This calls for a word-for-word copy of all the data, with each picture removed.

(Dataset excerpts)
────────────────────

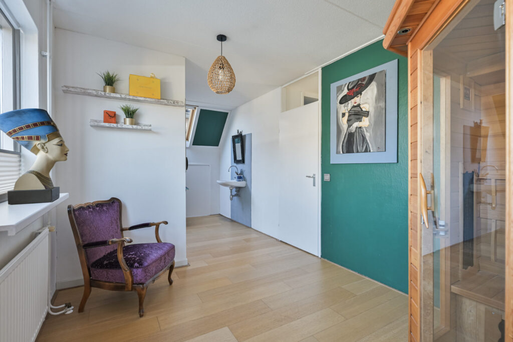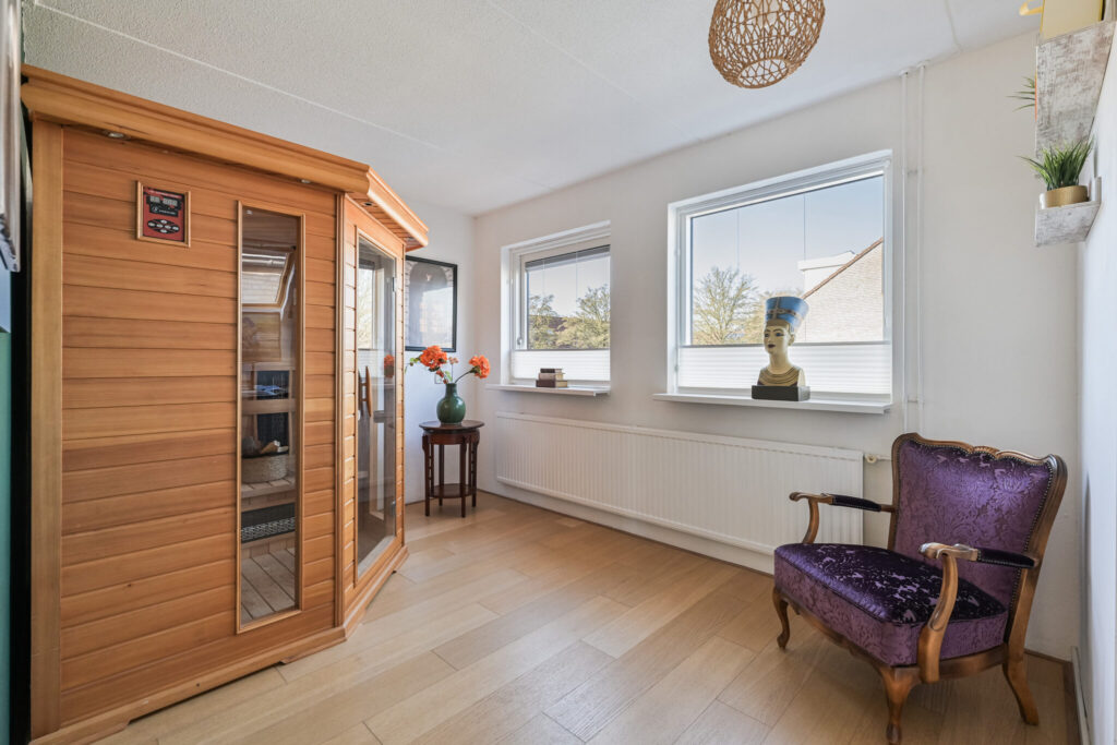 De slaapkamer aan de achterzijde beschikt over een extra ruime inloopkast. Deze kamer bestond oorspronkelijk uit twee slaapkamers, wat het mogelijk maakt om hier eenvoudig weer een extra kamer te realiseren. De slaapkamer aan de voorzijde is momenteel ingericht met een infrarood sauna, een fijne plek om thuis te ontspannen na een lange dag.
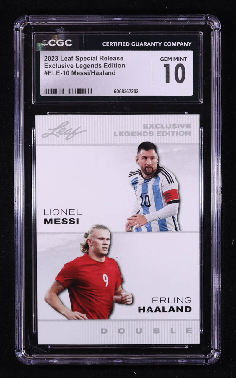 Lionel Messi / Erling Haaland 2023 Leaf Special Release Exclusive Legends Edition #ELE10 (CGC 10)
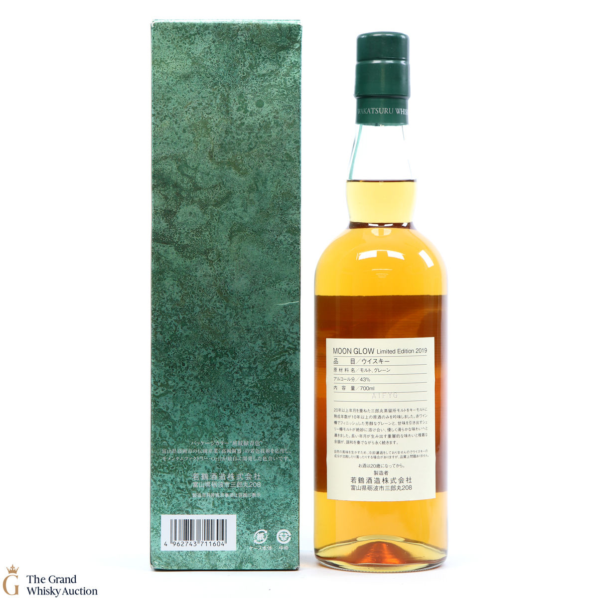 Moon Glow Limited Edition 2019 from the Wakatsuru Brewery, a blended whisky primarily created with 20-year malt and blended with others at least 10 years of age. in this annual release, the grain component was finished in red wine casks.
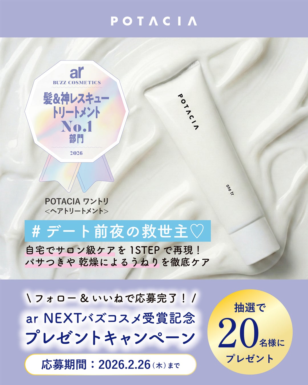 自ら備えている美しくなる力 = ポテンシャルを引き出すスキンケア&ヘアケアブランド、<POTACIA(ポタシャ)>から発売中の「ワントリ」が、雑誌『ar』(主婦と生活社)2026年3月号において、NEXTバズコスメ【髪&神レスキュートリートメント部門】を受賞いたしました。
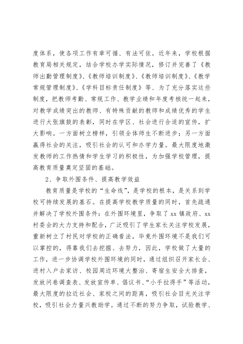 校长论坛发言加强学校管理,提高教育质量尊敬的各位领导、各位同仁:大家早上好!非常感谢县教研室组织这次论坛,给予我们一个这样难得的学习机会,也十分感谢各位校长能无私分享各自成功的办学经验。带着学习、交流的心愿,与各位领导、校长一起来谈谈我校就加强学校管理,提高教育质量的一些做法、存在的困惑和今后的打算。一、基本情况:xx镇中心小学是一所寄宿制完全小学,现有14个教学班,学生654名,在职教师42名。近年来,通过全体师生的不断努力,学校工作取得了一定进步,但与县教育局和教研室的要求相比,还有存在一定的不足,与全县兄弟学校相比,还有一定的差距。二、学校工作近年来,在全体师生的共同努力下,学校各项工作均有起色,在不同程度上都有所进步,为了进一步巩固成绩,加强学校管理、提高教育质量,争取学校的正规化建设良好发展,主要从以下四个方面开展工作:1、强化制度建设,实现依法治校没有规矩,不成方圆,要管理好一所学校,实现学校的可持续发展和正规化建设,一定要有一套切合学校发展实际的制

────────────────────

RESULT:
 De slaapkamer aan de achterzijde beschikt over een extra ruime inloopkast. Deze kamer bestond oorspronkelijk uit twee slaapkamers, wat het mogelijk maakt om hier eenvoudig weer een extra kamer te realiseren. De slaapkamer aan de voorzijde is momenteel ingericht met een infrarood sauna, een fijne plek om thuis te ontspannen na een lange dag.
 Lionel Messi / Erling Haaland 2023 Leaf Special Release Exclusive Legends Edition #ELE10 (CGC 10)
 Moon Glow Limited Edition 2019 from the Wakatsuru Brewery, a blended whisky primarily created with 20-year malt and blended with others at least 10 years of age. in this annual release, the grain component was finished in red wine casks.
 自ら備えている美しくなる力 = ポテンシャルを引き出すスキンケア&ヘアケアブランド、<POTACIA(ポタシャ)>から発売中の「ワントリ」が、雑誌『ar』(主婦と生活社)2026年3月号において、NEXTバズコスメ【髪&神レスキュートリートメント部門】を受賞いたしました。
 校长论坛发言加强学校管理,提高教育质量尊敬的各位领导、各位同仁:大家早上好!非常感谢县教研室组织这次论坛,给予我们一个这样难得的学习机会,也十分感谢各位校长能无私分享各自成功的办学经验。带着学习、交流的心愿,与各位领导、校长一起来谈谈我校就加强学校管理,提高教育质量的一些做法、存在的困惑和今后的打算。一、基本情况:xx镇中心小学是一所寄宿制完全小学,现有14个教学班,学生654名,在职教师42名。近年来,通过全体师生的不断努力,学校工作取得了一定进步,但与县教育局和教研室的要求相比,还有存在一定的不足,与全县兄弟学校相比,还有一定的差距。二、学校工作近年来,在全体师生的共同努力下,学校各项工作均有起色,在不同程度上都有所进步,为了进一步巩固成绩,加强学校管理、提高教育质量,争取学校的正规化建设良好发展,主要从以下四个方面开展工作:1、强化制度建设,实现依法治校没有规矩,不成方圆,要管理好一所学校,实现学校的可持续发展和正规化建设,一定要有一套切合学校发展实际的制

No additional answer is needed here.